5. Stop selling your clients (and yourself) on everything they CAN have. And stop "owning" the right to build your ideas before you’ve value engineered.

If there’s one thing that annoys me more than most, it’s designers bitching about the great ideas lost in VE, and resenting projects and clients for that.

First of all, separate yourself from believing an idea deserves to exist, until after you’ve found a way to make it exist IN THE REAL PROJECT and in the budget. That’ll save you a lot of pain when you have to VE out a project.

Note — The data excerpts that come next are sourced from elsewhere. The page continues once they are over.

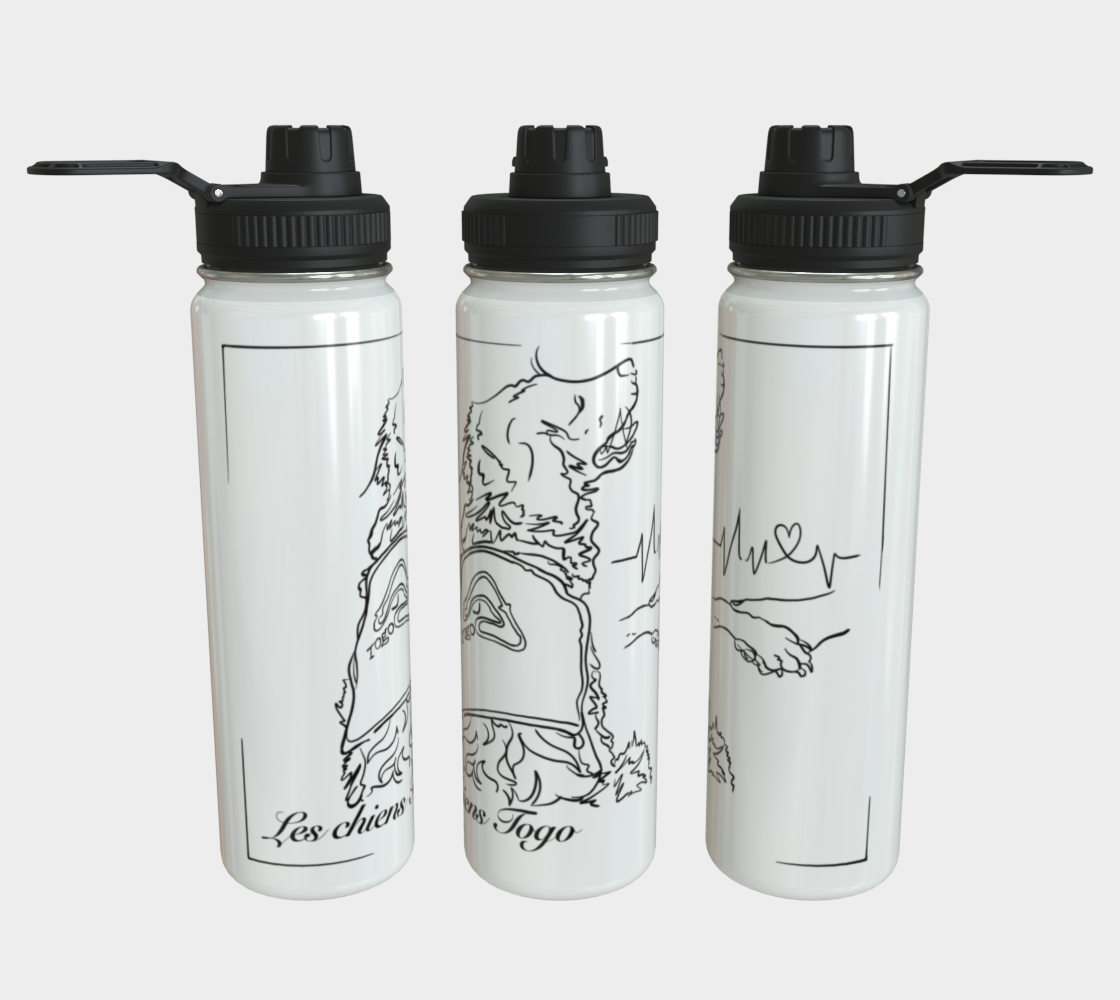 Voici la superbe bouteille d'eau en acier inoxydable TOGO! Notre bouteille d'eau de 24 oz est dotée d'une impression UV. Conçues pour durer et être pratique, chaque bouteille d'eau est dotée d'un bouchon détachable et d'une boucle de transport rigide.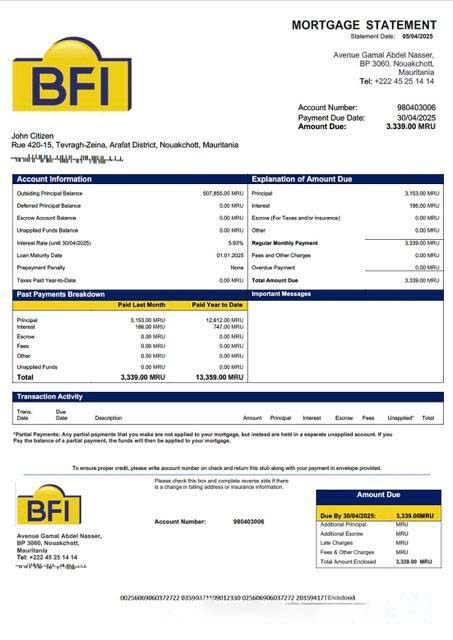Mauritania Banque des Financements Islamiques (BFI) mortgage statement Word and PDF template download template file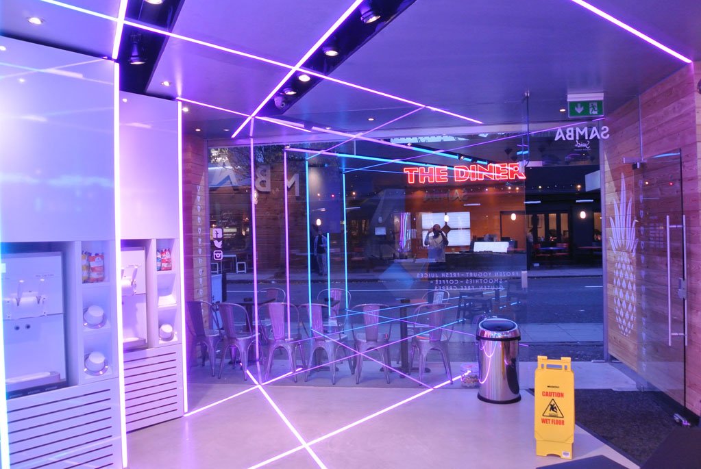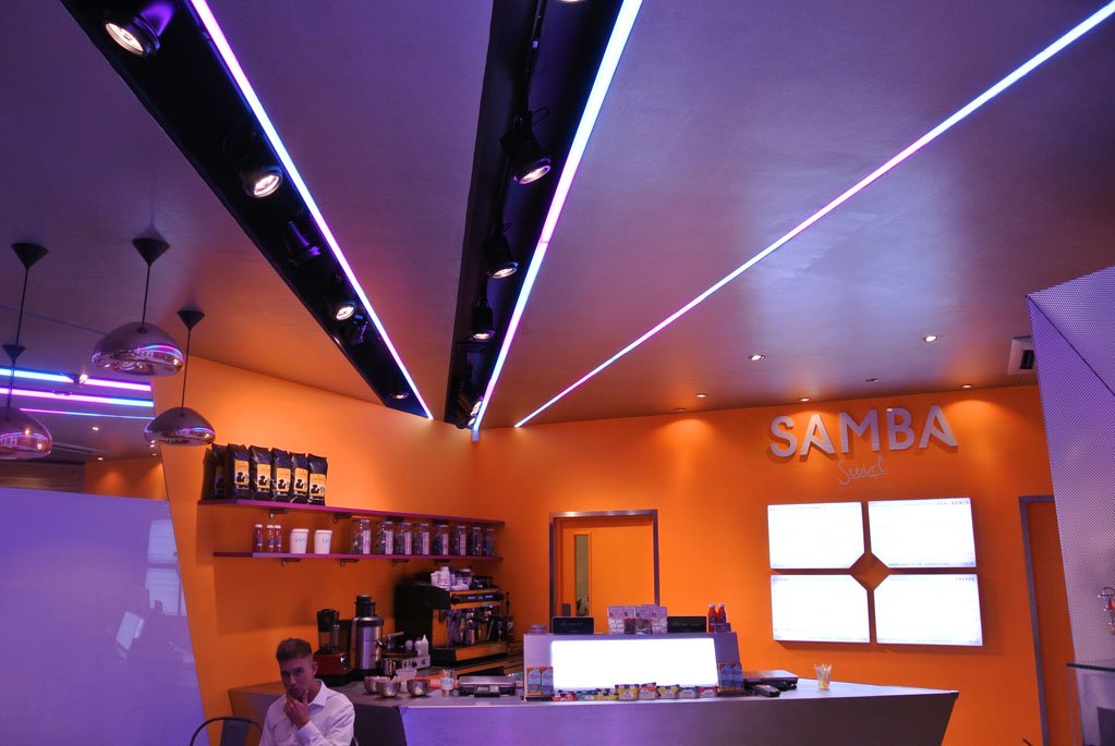 Samba Swirl wanted to bring an exciting up tempo, warm and welcoming vibe to the store and looked at the South American carnivals for their inspiration. The store features LED‘s in the walls, floor and ceiling, so as you enter the store light is pulsating everywhere that you look, creating a feeling of a store that is alive and breathing. As you read on through the article Mizzi Studios talks about how they worked with InStyle LED closely to help get the programming just right to allow the designers to animate the light at a very intricate level that has never been seen before on the high street in London.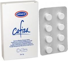 Urnex Cafiza E31 - Tabletki do czyszczenia ekspresów - 32 sztuki Tabletki do czyszczenia automatycznych ekspresów do kawy, zarówno komercyjnych, jak i domowych. Zalecane do konserwacji ekspresów marek: Jura, Dr.Coffee, Nivona, Saeco, Franke, La Cimbali, Bremer, Krups, Bosch, Carimali i innych. Opakowanie: 32 sztuki tabletek 2-gramowych. Tabletki o średnicy 15mm.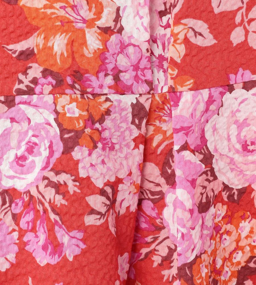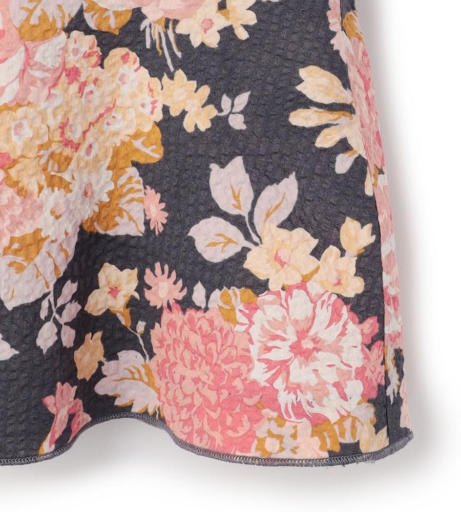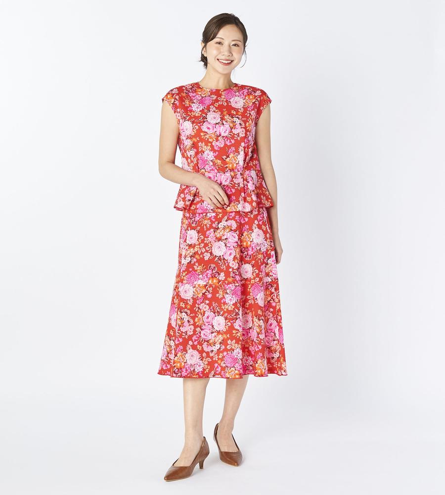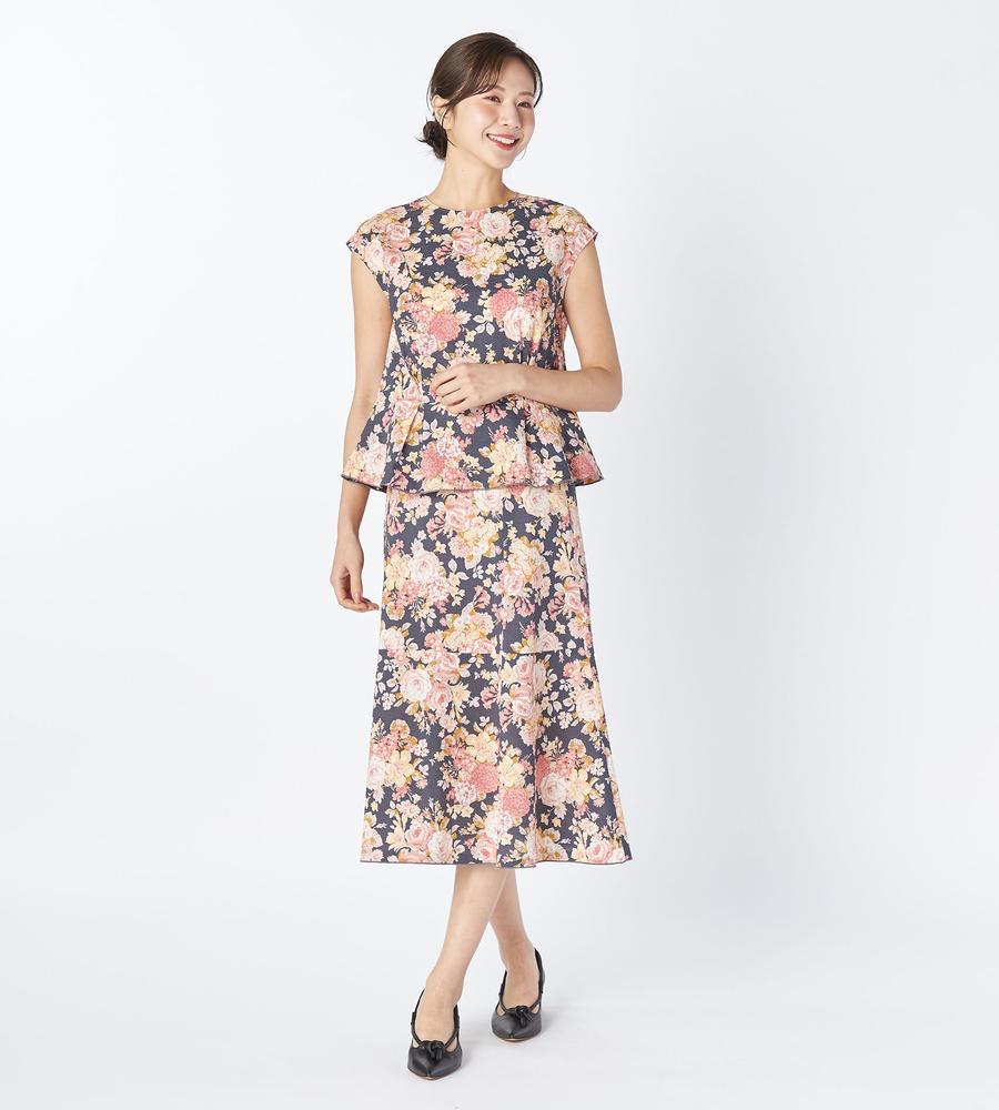 フローラルブーケの総柄プリントで仕上げた、遠目にも華やかなスカートです。これからの季節にぴったりなコットン100%素材で着心地も軽やか、裾にかけてふわりと広がるペプラム切り替えが女性らしさを引き立てます。同素材のスカートとセットアップでそろえるのもおすすめ、お呼ばれやリゾートにもぴったりです。

Clients and end users of spaces don’t need to know all the things they could have had, and feel like they’ve lost so much. Instead, design so what they receive at the end of the project feels like a great win. They’re excited for what they gained. Design is always about trade-offs, whether it’s balancing clean ceilings versus downlight task lighting, or the choice between a beautiful soft monotonic scheme or a rich, colorful, chaos of decorative objects in endless colors. Design is choice. If you feel pain for every loss, you’re in for a pretty miserable life.

And once a client has made a choice, celebrate all the good about that choice, and work to make it endlessly better. Why live in loss?

I trimmed this list down from dozens of places where Kahneman has affected my thinking, enhanced my design, enriched my business, empowered beautiful experience and onwards. The power of Kahneman underlies the projects I’m most proud of, and the building of people that is so much of my career.

For all that I feel his loss, I think the world should celebrate the depth of his thinking and its applicability to so many areas of life.

Start with Thinking, Fast and Slow. Slog through Noise (a MUCH harder read), but also read Steven Pinker and others in their summaries and analyses of Kahneman’s work. And to the many friends, colleagues, collaborators and mentees I’ve given Kahneman books to, I hope they’ve brought you insights that you, too, will pay forward.